The world will always have a hegemon. The question to ask yourself is whether you want that hegemon to be – for the most part – a force for good, or a force for evil. There is no doubt that the United States has abused it’s power (at times), but the abuse from the U.S.. has not been anything like what we’ve seen from the CCP. Let’s review shall we?
The CCP arbitrarily arrests foreigners to use as bargaining chips (Canada Conflict).
The CCP uses their military to violate sovereignty with the purpose of taking national land and resources. They even have the audacity to begin building roads on it (India, Chinese conflict)
The CCP uses their military to seize islands that belong to Vietnam and Philippines, and responds to their inquiries by telling them to “shut up, or we might get very angry”.
The CCP seeks to gain political power in foreign countries by buying up land, and businesses, then using business ownership and influence to exert control over policy makers. Therefore, enacting Chinese friendly laws. In countries that have a decentralized government, like Australia, they seek to drive a wedge between independent states (Victoria) and the central government with the purpose of weakening the central state.
The CCP uses the one belt one road, to setup Chinese owned businesses in foreign countries, employing only the minimum amount of local labor needed to appease the govt, and use the rest of that money to hire Chinese nationals and funnel the profits back to Chinese accounts. Chinese tourists are told to only go to Chinese owned businesses, and ignore local owned businesses, to help destroy the local economy and consolidate Chinese power.
I am not suggesting the U.S. is perfect. But the U.S. has been the only hegemon in world history to show respect for law and sovereignty (again, for the most part). There have been some occasions where sovereignty law has been violated, say when we entered Pakistan with helicopters to kill bin laden, but that is very different then what we are seeing from the CCP.
The commenter says that he cannot imagine a China that is not a superpower. It’s very easy to see a China that is NOT a superpower.
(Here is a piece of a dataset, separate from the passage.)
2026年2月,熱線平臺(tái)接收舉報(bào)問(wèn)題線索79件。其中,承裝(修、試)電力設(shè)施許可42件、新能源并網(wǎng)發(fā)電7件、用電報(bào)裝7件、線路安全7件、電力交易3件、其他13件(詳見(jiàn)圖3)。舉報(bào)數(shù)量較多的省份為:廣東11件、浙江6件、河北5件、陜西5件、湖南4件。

A china that continues to isolate itself from the international community, that continues to engage in conflict that exceeds what most nation states consider to be acceptable behavior, and a china that continues to engage in acts of war, will not be a China that exists for very long.
In the U.S., there are essentially two schools of economic thought. There is Keynesian (the minority), and what they call ne0-classical. The group think that exists within the substructure of American economics is dangerous. It’s dangerous to the American economy, and the health of the global eco-system. The fact that economists rarely argue over important topics is a dangerous, dangerous, thing for the academic community. It shows complacency, and fear.
You can continue to believe in fair and free trade. At it’s core, there is no question that trade increases efficiency and wealth. But you have to ask yourself whether increases in wealth and efficiency lead to a better life or a worse life.
A life where millions of Americans are unemployed because they cannot compete with Chinese and Vietnamese labor. A life where the CCP purchases companies around the world to gain majority share, pushout board members, and gain access to critical infrastructure. A life where your ISP providers are consistently monitoring your geo-location data, and your conversations for “key words”. In that Orwellian world, arms bearing, resource hungry people, are not going to be better off (at least not the majority).
If you would like to know what life is currently like under the CCP. You may ask the majority of Chinese. Of course when you ask please make sure the battery is removed from your phone (shutting it down is not enough), you are indoors away from the CCP camera’s, and that minders are not within ear distance!